**Supplied material**

------------

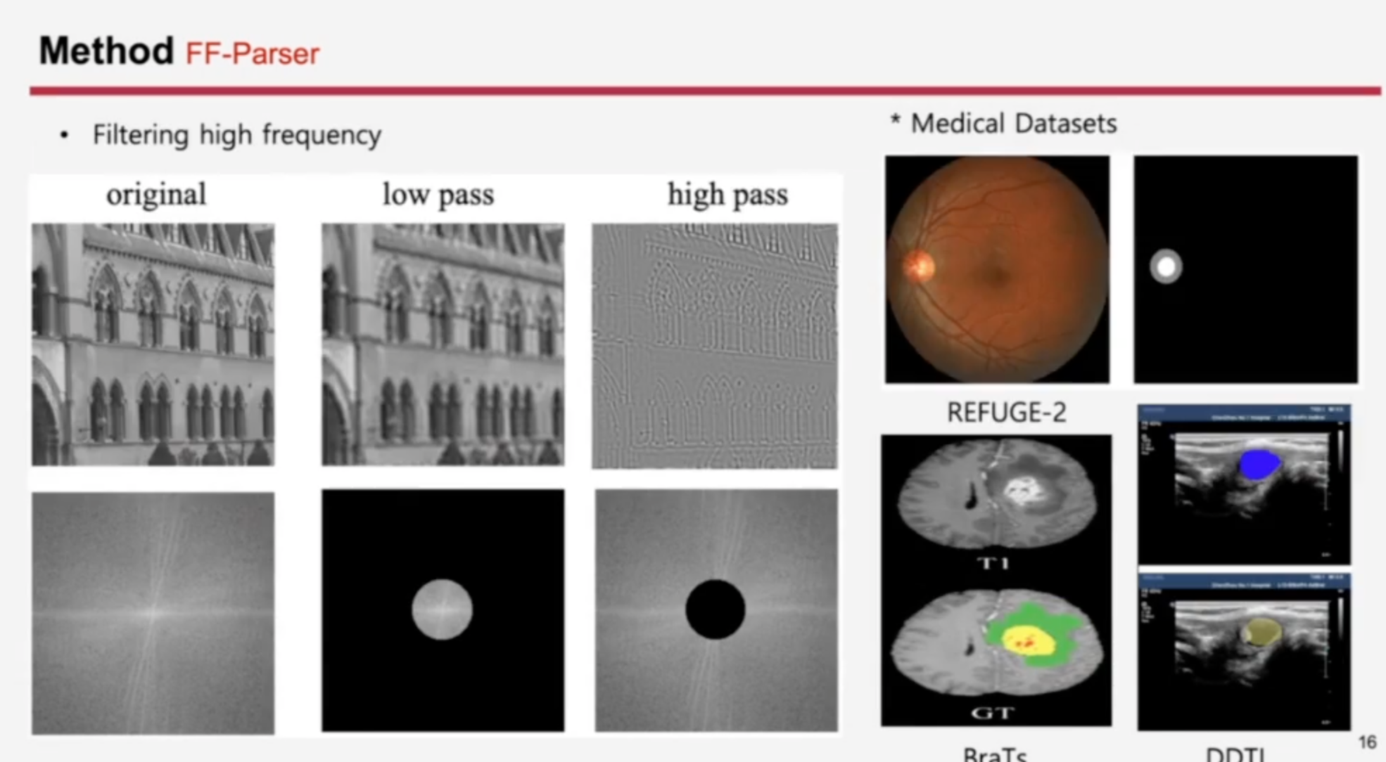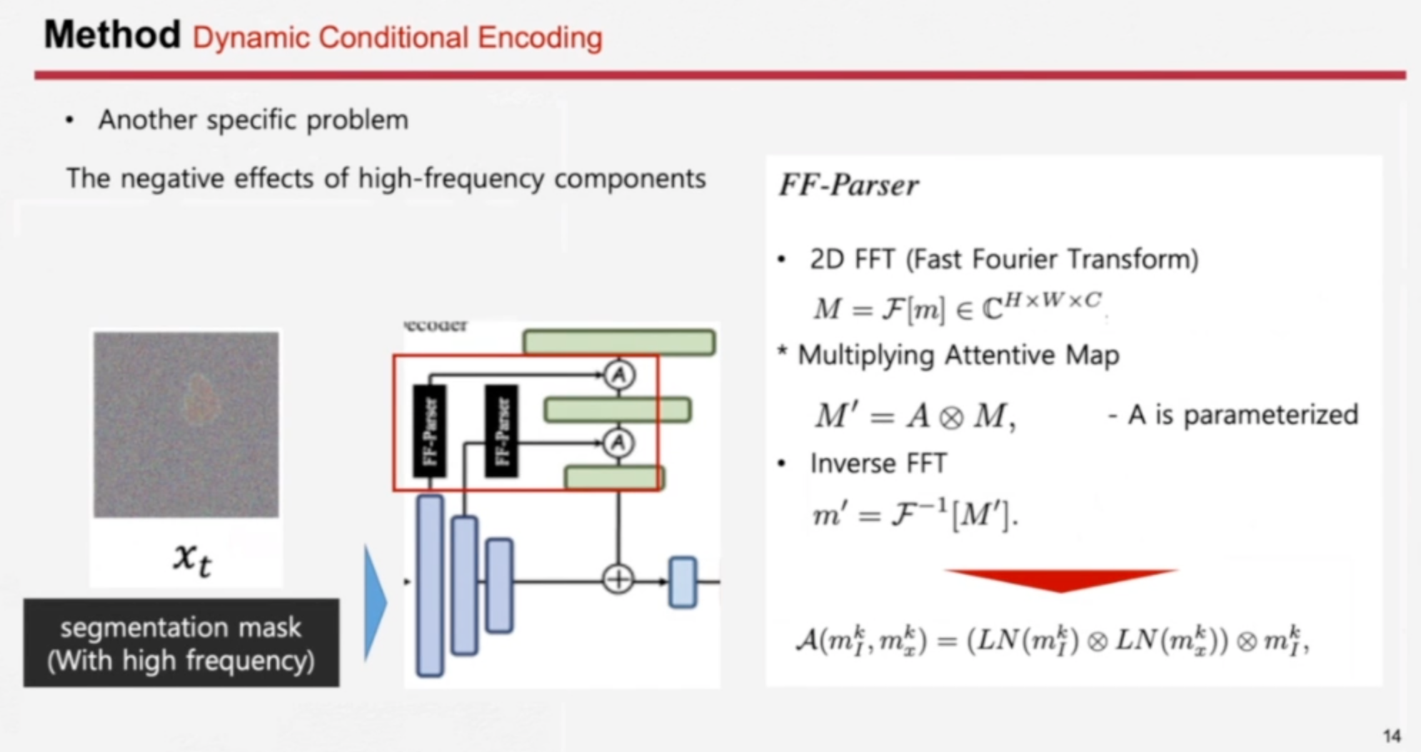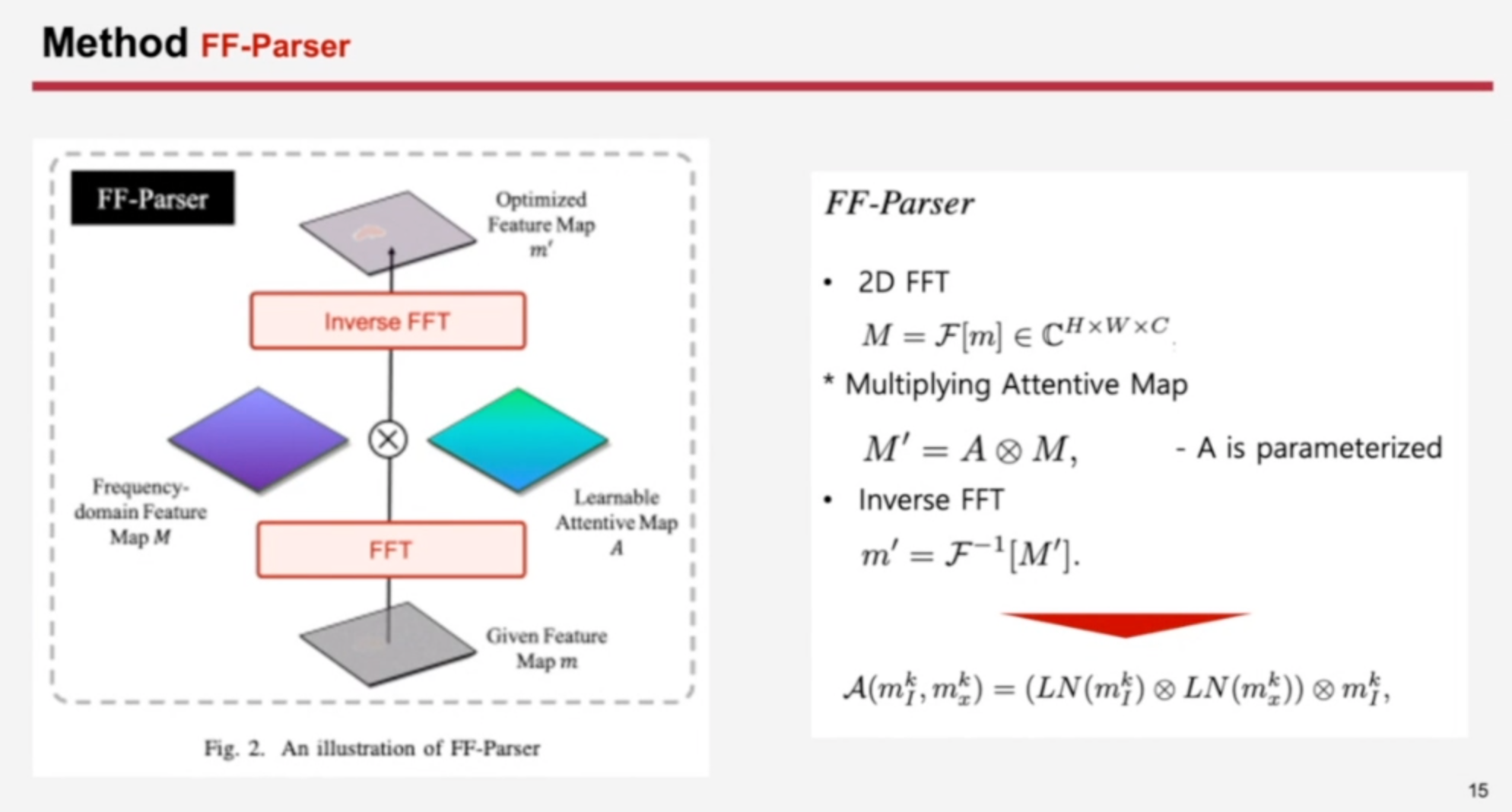 FF-Parser 같은 경우에는 저렇게 attentive like mechanism을 사용했을 때라도 high frequency가 negative effects를 가져오는 단점이 있어서 이 부분을 해결하기 위해서 Fourier Transform을 가져왔고 그 부분에서 어떤 high frequency가 중요한지를 걸러낼 수 있도록 구성하였습니다.
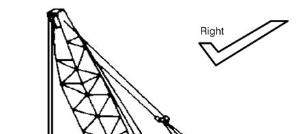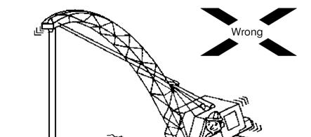 10. Don't pull sideways on the boom or jib, not even a little. Lift straight up on every load. Moving trucks, rail cars, barges, or anything else pulling sideways on the winch wire rope could buckle the boom or jib. It could also damage the swing mechanism. Pulling sideways on a boom or jib can overturn the crane.
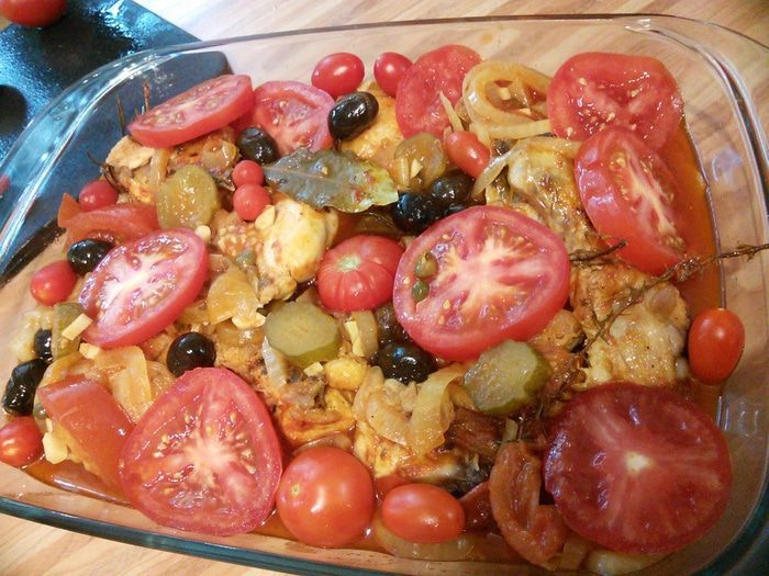 Добавить помидоры (все), у меня под рукой оказался солёный огурчик, я его тоже нарезала и положила в соус. Посолить, поперчить и выложить курицу, добавить тимьян, розмарин и черри. Запекать примерно 45 минут.
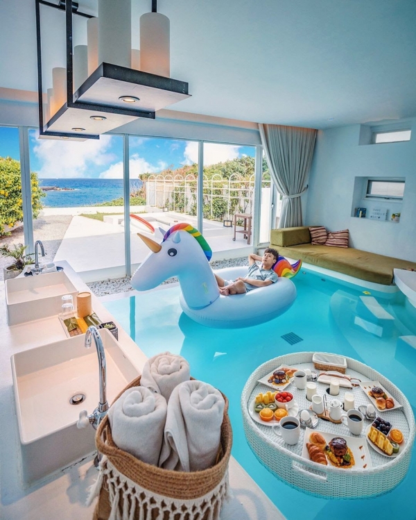 這裡有各式各樣的房型,且每一間都有不同的主題及特色,小編看了都想住一輪!不僅有私人泳池、泡澡浴缸,還能加購漂浮早餐,重點連餐具都好精緻,少女心都要噴發啦!

------------

**What you have to do**
Set out the material once more, exact in every line, with no images.

**Exercise result**
 FF-Parser 같은 경우에는 저렇게 attentive like mechanism을 사용했을 때라도 high frequency가 negative effects를 가져오는 단점이 있어서 이 부분을 해결하기 위해서 Fourier Transform을 가져왔고 그 부분에서 어떤 high frequency가 중요한지를 걸러낼 수 있도록 구성하였습니다.
 10. Don't pull sideways on the boom or jib, not even a little. Lift straight up on every load. Moving trucks, rail cars, barges, or anything else pulling sideways on the winch wire rope could buckle the boom or jib. It could also damage the swing mechanism. Pulling sideways on a boom or jib can overturn the crane.
 Добавить помидоры (все), у меня под рукой оказался солёный огурчик, я его тоже нарезала и положила в соус. Посолить, поперчить и выложить курицу, добавить тимьян, розмарин и черри. Запекать примерно 45 минут.
 這裡有各式各樣的房型,且每一間都有不同的主題及特色,小編看了都想住一輪!不僅有私人泳池、泡澡浴缸,還能加購漂浮早餐,重點連餐具都好精緻,少女心都要噴發啦!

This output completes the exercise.